Are there attributes that 'spicy' files tend to have which 'clean' files don't?

3

1

This question got me thinking about another project I've got on my 'to do' list. It's a 'multimedia' (blarg) piece with dynamically-generated video projection. I've run an early version of it, but I'd like the video to be partially generated by files on the performer's computer— the idea being that it's going to find your NSFW pics and show them (in mangled, blurred, BGRA-shifted form) buried within the piece. Blah blah, art, edgy, whatever.

Can anyone think of attributes those files would have that, say, vacation snapshots wouldn't? So far it's just image size: super-small images are probably internal support for applications, clip-art or icons.

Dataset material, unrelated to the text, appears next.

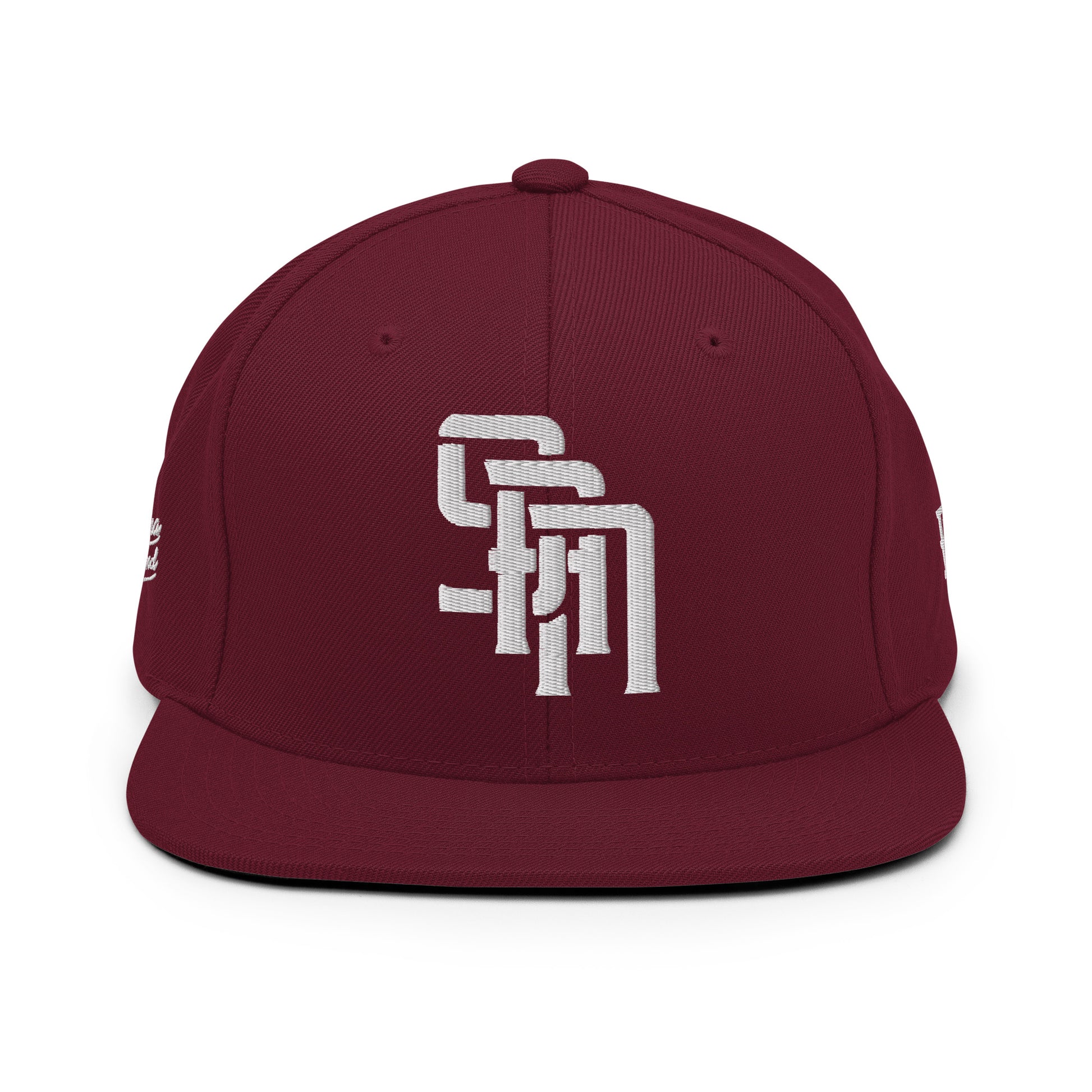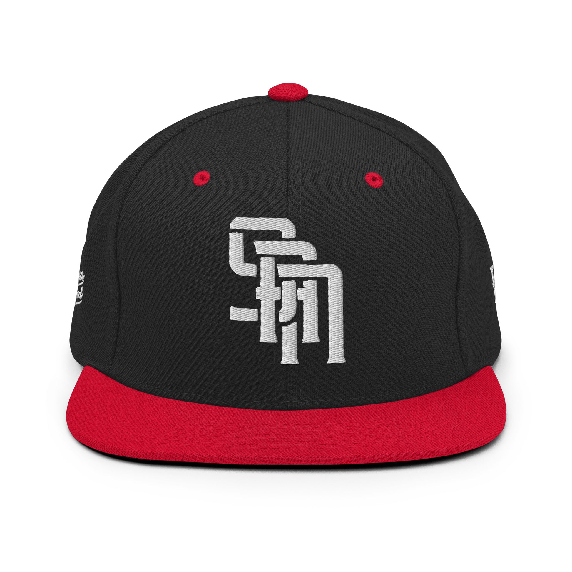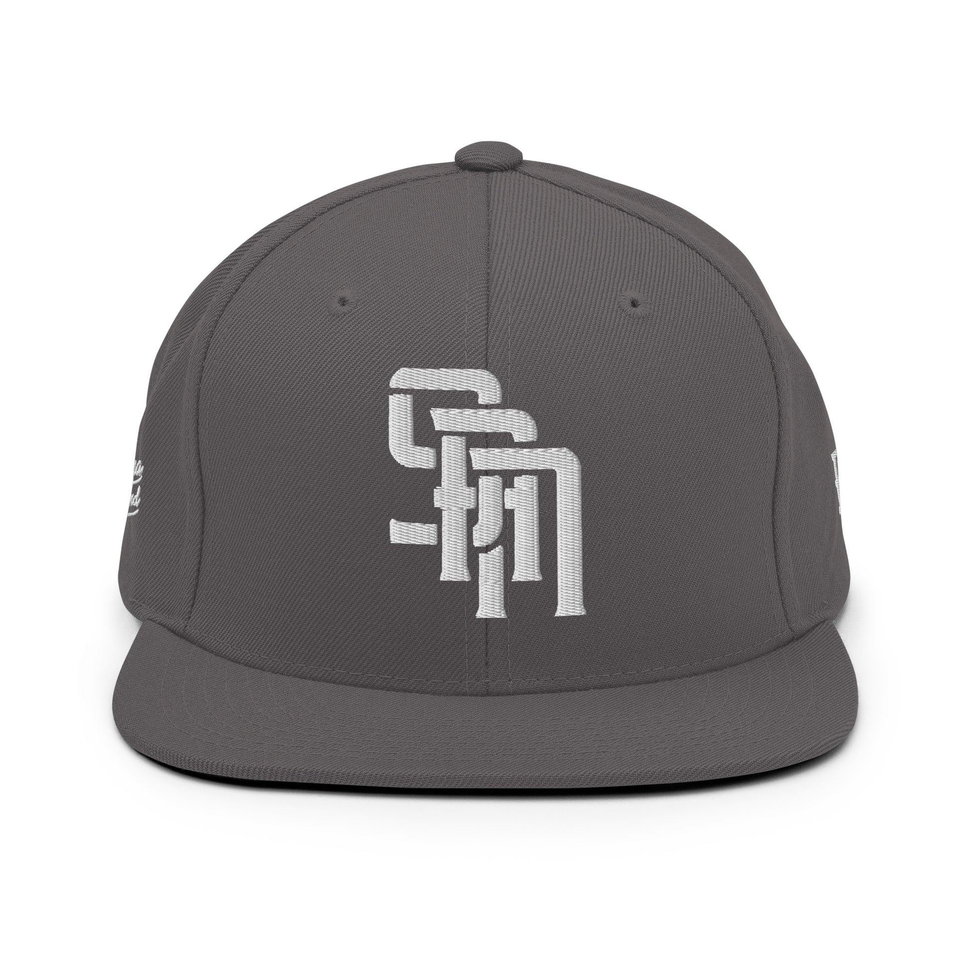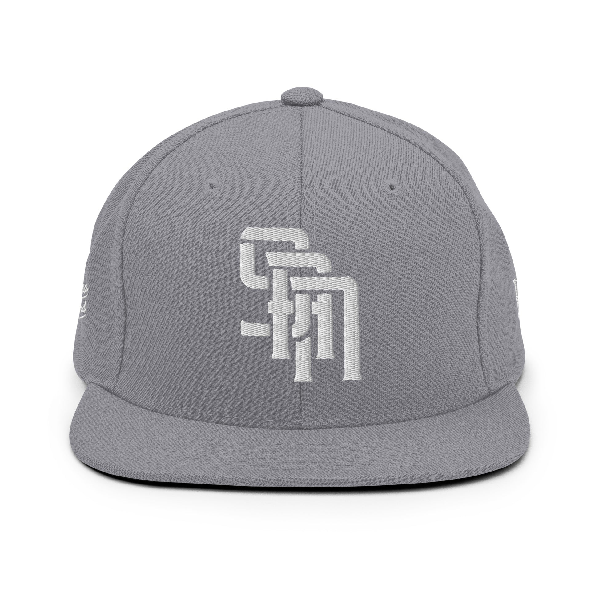 "SAN" Wool Blend Snapback Hat | Yupoong 6089M | E Luna Brand PREMIUM Quadcrest 4 White Thread Logos: Front, Left, Right Signature & Back [3D Puff Edition]

Super-big images probably came straight off a camera. (although maybe not!) But I think there's a way to get smarter than this-- I guess I'm thinking batches of files with non-identical but within-a-short-span creation dates (indicating download) and a "last opened" later than "last modified".

Surely there are some others, or reasons why the ones I list wouldn't work?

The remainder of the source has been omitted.